The get-some function takes a database, an entity identifier, and one or more cardinality-one attributes, returning a tuple of the entity id and value for the first attribute possessed by the entity.

The query below tries to find a :country/name for an entity, and then falls back to :artist/name:

;; query
[:find [?e ?attr ?name]
 :in $ ?e
 :where [(get-some $ ?e :country/name :artist/name) [?attr ?name]]]

;; inputs
db, :country/US

;; result
[:country/US 84 "United States"]

ground

[(ground const) binding]

The ground function takes a single argument, which must be a constant, and returns that same argument. Programs that know information at query time should prefer ground over e.g. identity, as the former can be used inside the query engine to enable optimizations.

[(ground [:a :e :i :o :u]) [?vowel ...]]

missing?

[(missing? src-var ent attr)]

The missing? predicate takes a database, an entity identifier, and an attribute and returns true if the entity has no value for attribute in the database.

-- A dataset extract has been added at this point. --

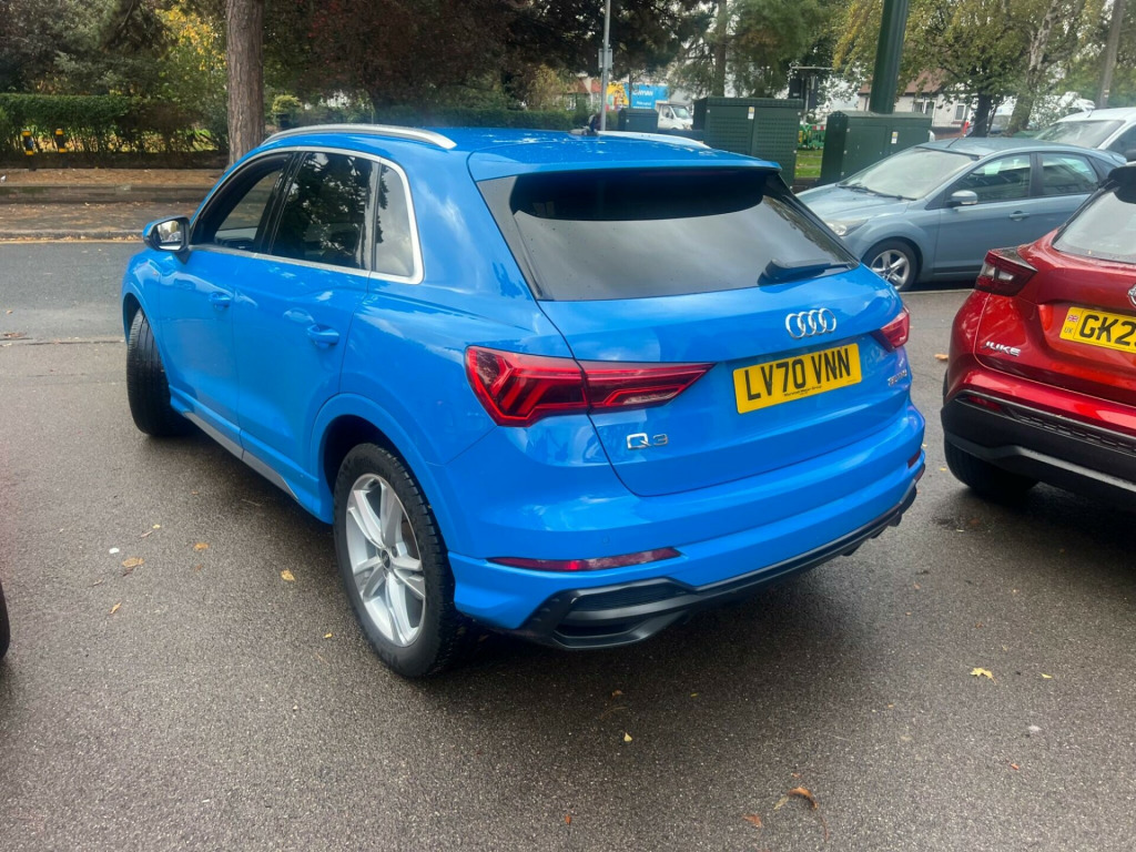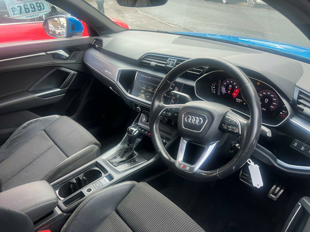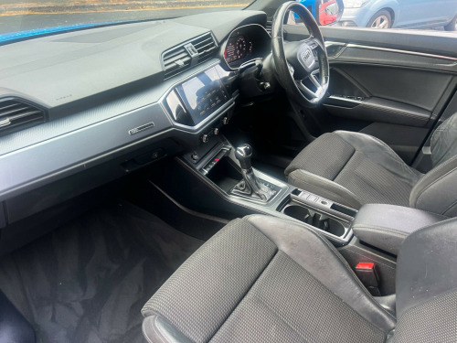 This 2021 Audi Q3 TFSI S line is a superb example, having been owned by only one careful keeper since new. This stylish SUV boasts a 1.5 litre petrol engine, meeting Euro 6 emissions standards, and comes in the desirable S line trim. You'll appreciate the advanced LED headlights, complete with LED daytime running lights and dynamic rear indicators, ensuring excellent visibility. Parking is made easier with rear parking sensors and Audi Side Assist, which provides blind spot assistance. Inside, the dual zone electronic climate control allows for personalised comfort, while the light and rain sensor automatically adjusts the headlights and wipers.The Audi Q3 TFSI S line offers a compelling driving experience, accelerating from 0 to 62 miles per hour in just 9.4 seconds. These features collectively demonstrate how this particular Q3 stands out from other similar vehicles, offering a refined and technologically advanced package for any discerning driver.having just the one  private owner and full Audi service records please call x usb-c and 1 x usb-a port with charge and data functions, 19in alloy wheels - 5-twin-spoke dynamic, 3-spoke leather multi-function steering wheel - s badging and grips in perforated leather with contrast stitching, 6 passive loud speakers, 6-airbag system, adjustable rear seat bench-backrest with centre armrest and cupholder, aluminium look interior elements, aluminium roof rails, aluminium window trims, ambient lighting pack, anti theft locking wheel bolts, anti-theft alarm, audi connect infotainment services plus including amazon alexa integration (3 year subscription from new), audi connect safety and service - e-call, audi drive select, audi pre-sense front with pedestrian and cyclist recognition, audi side assist, audi smartphone interface includes wireless apple carplay, audi virtual cockpit - 10.25in display, auto dimming and frameless rear view mirror, b and c-pillar trim in high-gloss black, bluetooth interface, body coloured door mirrors, bumpers in full body colour paint finish, camera-based traffic sign recognition, cloth headlining in black, cruise control with speed limiter, dab digital radio, detail in dashboard around the mmi touch colour display in glass look - black with surround in aluminium look, door mirrors - electrically folding - adjustable and heated with integrated led side indicators and kerb-view function for passenger side, dual-zone electronic climate control, esc - electronic stabilisation control inc abs - asr and edl, electric windows - front, electromechanical parking brake, electronically operated child locks, first aid kit and warning triangle, frame of front side air inlets in platinum grey - matt, front centre armrest, front spoiler blade in platinum grey - matt, front spoiler in selenite silver - matt, front and rear floor mats in black with contrast stitching in rock grey, gear knob in perforated leather, grille surround in silver - chrome, grille vertical bars in aluminium silver - matt, hill descent control, hill hold assist, isofix child seat mounting for the front passenger seat with front passenger airbag deactivation and isofix child seat mounting and top tether for the outer rear seats, illuminated door sill trims with s logo, inlays - matt brushed aluminium - dark, interior lighting, led headlights with led daytime running lights and dynamic rear indicator, led rear lights, lane departure warning, leatherette armrests, light and rain sensor, luggage compartment sill protection in stainless steel, mmi navigation plus with high resolution 10.1in touchscreen colour display, manual seat adjustment for front seats, non-smoking package, pedals in stainless steel, power operated tailgate, pre-sense basic, privacy glass - dark-tinted rear and rear-side windows - from b-pillar backwards, progressive steering, radiator grille - titanium black, rear diffuser in titanium black matt, rear parking sensors, s line badges on the front wings, s line front and rear bumpers and side skirts, seat belt monitoring, side skirt insert in platinum grey - matt, sport suspension, tool kit, tyre pressure warning light, tyre repair kit, voice control system with natural language interaction, windscreen in acoustic glazing

The following query finds all artists whose start year is not recorded in the database.

;; query
[:find ?name
 :where [?artist :artist/name ?name]
        [(missing? $ ?artist :artist/startYear)]]

;; inputs
db

;; result
#{["Sigmund Snopek III"] ["De Labanda's"] ["Baby Whale"] ...}

tx-ids

[(tx-ids ?log ?start ?end) [?tx ...]]

Given a database log, start, and end, tx-ids returns a collection of transaction ids. Start and end can be specified as database t, transaction id, or instant in time, and can be nil.

The following query finds transactions from time t 1000 through 1050:

;; query
[:find [?tx ...]
 :in ?log
 :where [(tx-ids ?log 1000 1050) [?tx ...]]]

;; inputs
log

;; result
[13194139534340 13194139534312 13194139534313 13194139534314]

tx-ids is often used in conjunction with tx-data, to first locate transactions and then the data within those transactions.

tx-data

[(tx-data ?log ?tx) [[?e ?a ?v _ ?op]]]

Given a log and a database, tx-data returns a collection of the datoms added by a transaction. You should not bind the transaction position of the result, as the transaction is already bound on input.

The following query finds the entities referenced by transaction id

;; query
[:find [?e ...]
 :in ?log ?tx
 :where [(tx-data ?log ?tx) [[?e]]]]

;; inputs
log, 13194139534312

;; result
[13194139534312 63 0 64 65 66 67 68 69 70 71 ...]

Calling Java Methods

Java methods can be used as query expression functions and predicates, and should be type hinted for performance. Java code used in this way must be on the Java process classpath.

Java methods should only be used when there is not an equivalent function in clojure.core.

The sections below show how to call both static methods and instance methods.

Calling Static Methods

Java static methods can be called with the (ClassName/methodName …) form. For example, the following code calls System.getProperties, binding property names to ?k and property values to ?v.

;; query
[:find ?k ?v
 :where [(System/getProperties) [[?k ?v]]]]

;; no args

;; result
#{["java.vendor.url.bug" "http://bugreport.sun.com/bugreport/"] 
  ["sun.cpu.isalist" ""] 
  ["sun.jnu.encoding" "UTF-8"]
  ...}

Calling Instance Methods

Java instance methods can be called with the (.methodName obj …) form. For example, the following code finds artists whose name contains "woo"?

;; query
[:find ?name
 :where [_ :artist/name ?name]
        [(.contains ^String ?name "woo")]]

;; args
db

;; result
[["Lee Hazlewood"] ["Cottonwood"] ["Chris Harwood"] ["Mirkwood"]
 ["Under Milkwood"] ["Dorothy Norwood"] ["Fleetwood Mac"]]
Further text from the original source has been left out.